WHAT THE EXERCISE ASKS: Transcribe only part of the material below: the lines from the one containing "スパイシーなフェタチーズディ" through the one containing "Έχετε επίσης την", inclusive, exactly as written.

DATASET CONTENT:
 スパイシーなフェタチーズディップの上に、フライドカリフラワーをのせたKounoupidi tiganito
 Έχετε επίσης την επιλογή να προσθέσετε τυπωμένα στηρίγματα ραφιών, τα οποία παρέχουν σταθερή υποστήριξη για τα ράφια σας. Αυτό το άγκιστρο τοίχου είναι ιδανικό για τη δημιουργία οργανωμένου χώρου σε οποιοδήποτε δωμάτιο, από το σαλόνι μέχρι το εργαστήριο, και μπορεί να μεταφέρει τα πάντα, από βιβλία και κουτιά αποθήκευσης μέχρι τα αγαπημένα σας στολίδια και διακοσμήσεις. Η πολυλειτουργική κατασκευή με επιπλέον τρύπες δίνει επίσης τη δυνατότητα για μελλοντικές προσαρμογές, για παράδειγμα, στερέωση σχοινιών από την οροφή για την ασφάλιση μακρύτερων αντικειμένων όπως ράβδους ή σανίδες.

* * *

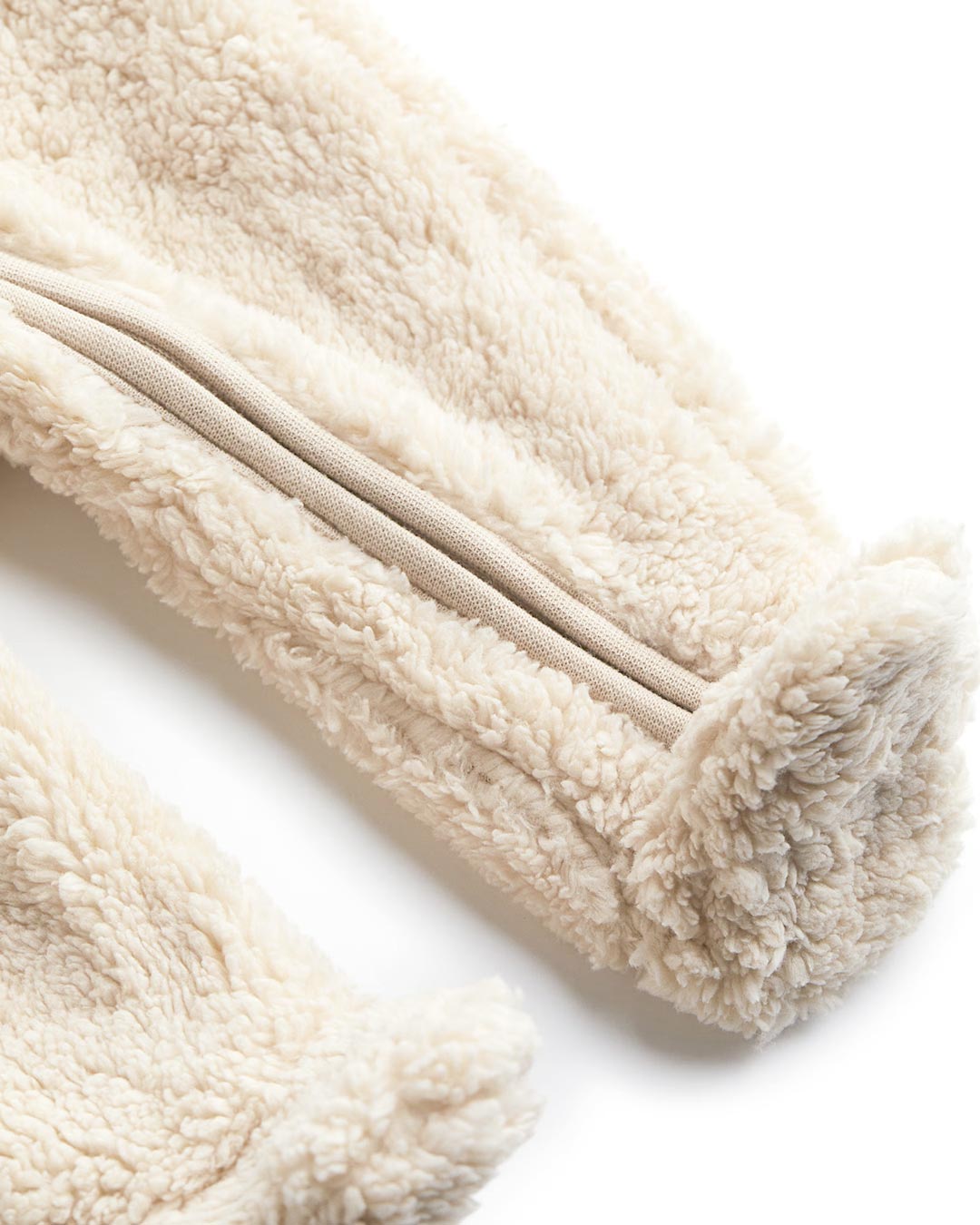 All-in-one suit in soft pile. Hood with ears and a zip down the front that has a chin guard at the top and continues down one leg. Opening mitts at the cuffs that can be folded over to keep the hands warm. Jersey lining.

WORKED SOLUTION:
 スパイシーなフェタチーズディップの上に、フライドカリフラワーをのせたKounoupidi tiganito
 Έχετε επίσης την επιλογή να προσθέσετε τυπωμένα στηρίγματα ραφιών, τα οποία παρέχουν σταθερή υποστήριξη για τα ράφια σας. Αυτό το άγκιστρο τοίχου είναι ιδανικό για τη δημιουργία οργανωμένου χώρου σε οποιοδήποτε δωμάτιο, από το σαλόνι μέχρι το εργαστήριο, και μπορεί να μεταφέρει τα πάντα, από βιβλία και κουτιά αποθήκευσης μέχρι τα αγαπημένα σας στολίδια και διακοσμήσεις. Η πολυλειτουργική κατασκευή με επιπλέον τρύπες δίνει επίσης τη δυνατότητα για μελλοντικές προσαρμογές, για παράδειγμα, στερέωση σχοινιών από την οροφή για την ασφάλιση μακρύτερων αντικειμένων όπως ράβδους ή σανίδες.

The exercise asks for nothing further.